Dipyridamole inhibits the uptake of adenosine into erythrocytes, platelets and endothelial cells in vitro and in vivo; the inhibition amounts to 80% at its maximum and occurs dose-dependently at therapeutic concentrations (0.5 - 2 µg/mL). Consequently, there is an increased concentration of adenosine locally to act on the platelet A2-receptor, stimulating platelet adenylate cyclase, thereby increasing platelet cAMP levels. Thus, platelet aggregation in response to various stimuli such as PAF, collagen and ADP is inhibited. Reduced platelet aggregation reduces platelet consumption towards normal levels. In addition, adenosine has a vasodilator effect and this is one of the mechanisms by which dipyridamole produces vasodilation.

Dipyridamole inhibits phosphodiesterase (PDE) in various tissues. Whilst the inhibition of cAMP-PDE is weak, therapeutic levels inhibit cGMP-PDE, thereby augmenting the increase in cGMP produced by EDRF (endothelium-derived relaxing factor, identified as NO).

Dipyridamole also stimulates the biosynthesis and release of prostacyclin by the endothelium.

Dipyridamole reduces the thrombogenicity of subendothelial structures by increasing the concentration of the protective mediator 13-HODE (13-hydroxyoctadecadienic acid).

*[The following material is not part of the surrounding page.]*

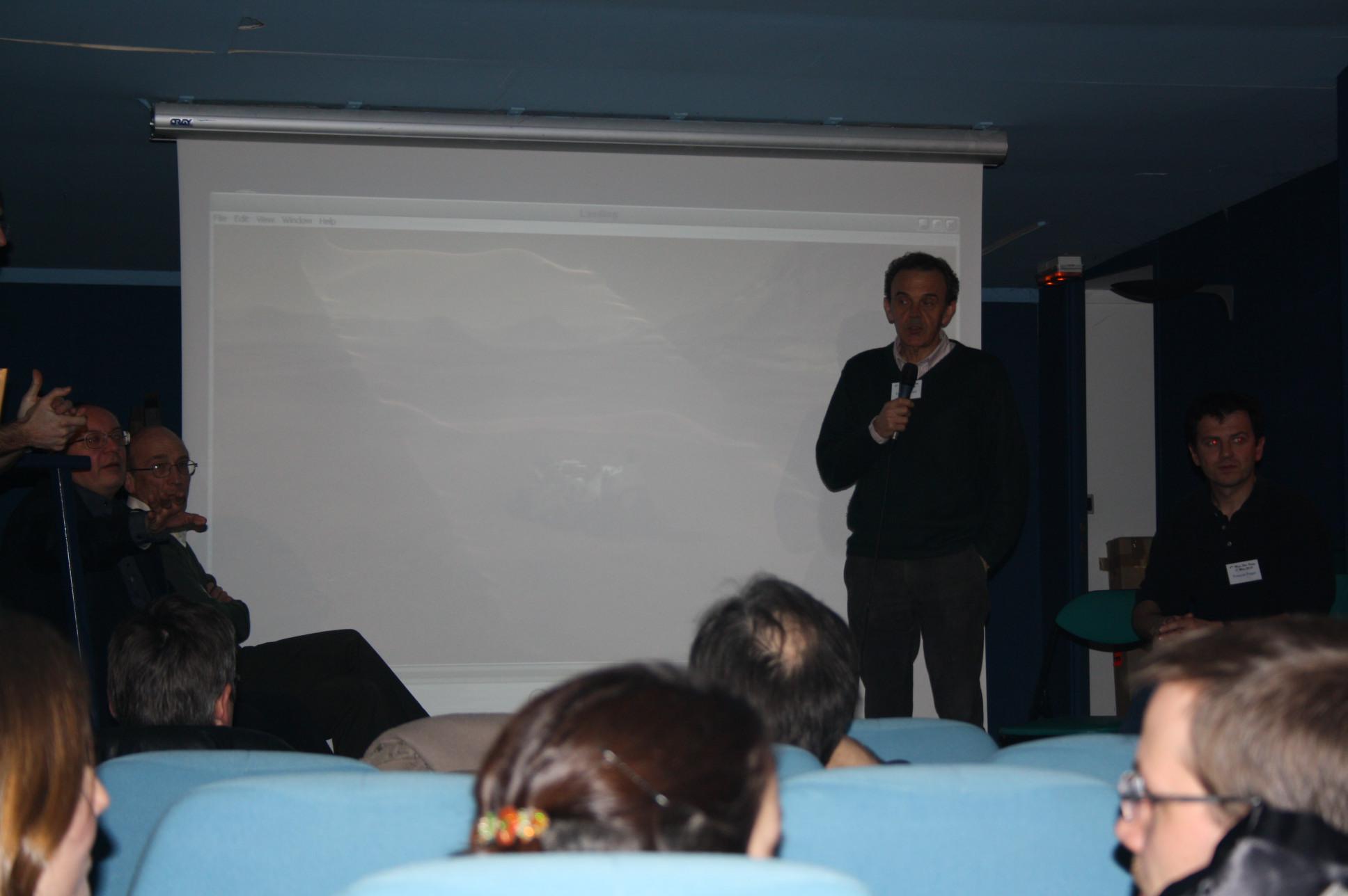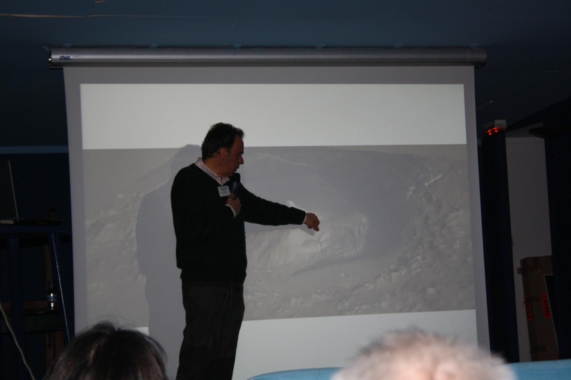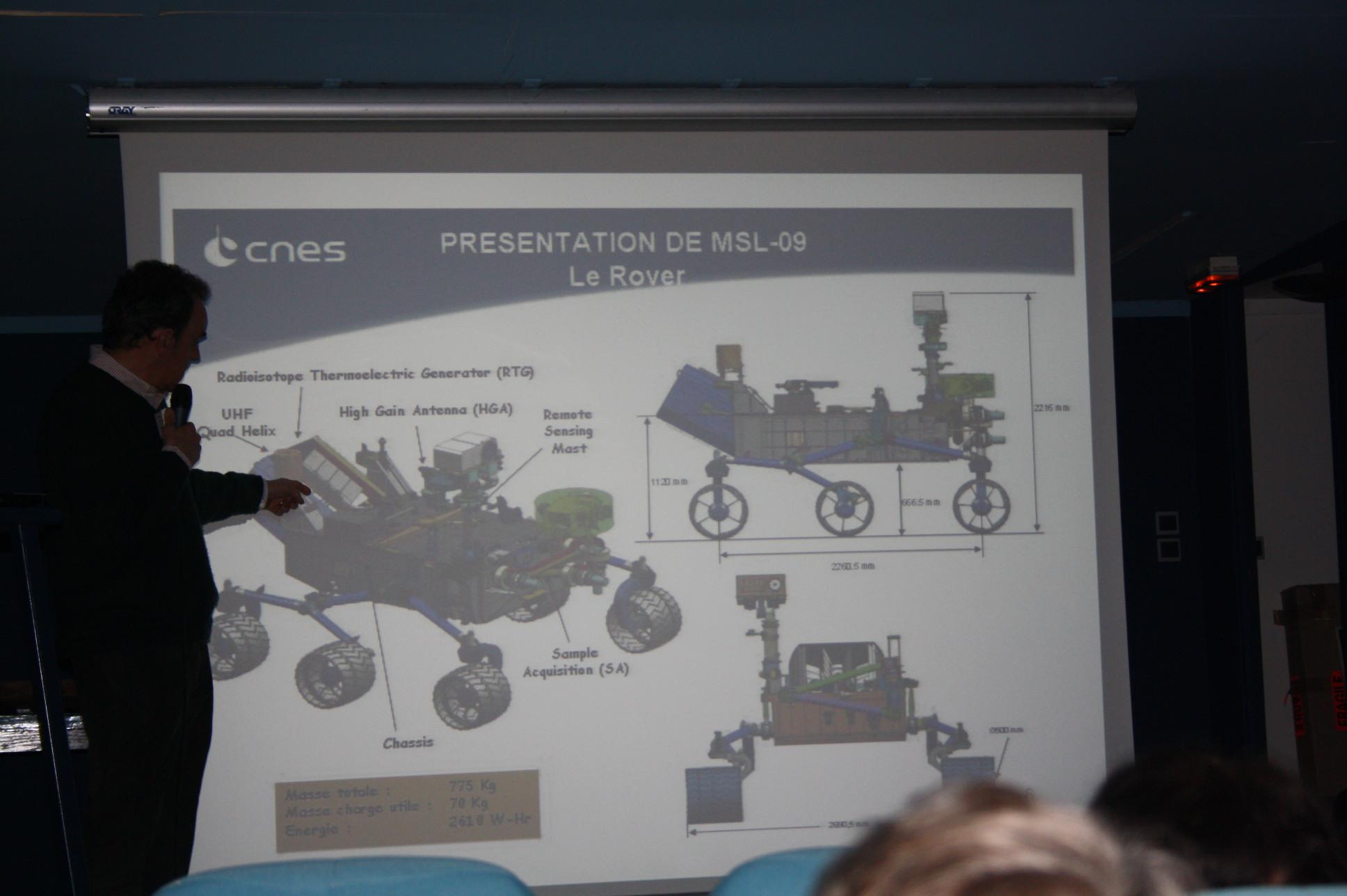 Will : Oui, j'y étais, et bien au premier rang pour les deux conférences. Un petit gros d'une cinquantaine bien frapée, à lunettes, le cheveux rare, pas très bien habillé, avec un accent indéfinissable. J'ai posé une question sur le méthane martien et la réponse de F.Rocard m'a un peu surpris. J'ai aussi questionné F. Forget sur sa modélisation de l'atmosphère primitive de Mars. J'en parlerai dans les topics martiens. Je me suis encore permis une réflexion judicieuse sur l'hypothèse du trajet dans Gale, prévu pour Curiosity... :cool:

5.2 Pharmacokinetic properties

For long-term treatments PERSANTIN modified release capsules, formulated as pellets have been developed. The pH dependent solubility of PERSANTIN which prevents dissolution in the lower parts of the gastrointestinal tract is overcome by means of a formula containing tartaric acid. Retardation of release is achieved by a diffusion membrane which is sprayed onto the pellets.

Absorption

PERSANTIN modified release capsules

Peak plasma concentrations are reached about 2 - 3 hours after administration. Mean peak concentrations at steady state conditions with 150 mg b.d. are 1.43 μg/mL (range 0.705 - 2.75 μg/mL), trough levels are 0.351 μg/mL (range 0.200 - 0.741 μg/mL). With a daily dose of 400 mg, the corresponding peak concentrations are 1.98 μg/mL (range 1.01 - 3.99 μg/mL); trough concentrations are 0.53 μg/mL (range 0.18 - l.01 μg/mL). There is no clinically relevant effect of food on the pharmacokinetics of PERSANTIN 200 mg modified release capsules. The absolute bioavailability is about 70%. The dose linearity of dipyridamole after oral b.i.d. administration of the modified release capsules containing 150 and 200 mg was demonstrated.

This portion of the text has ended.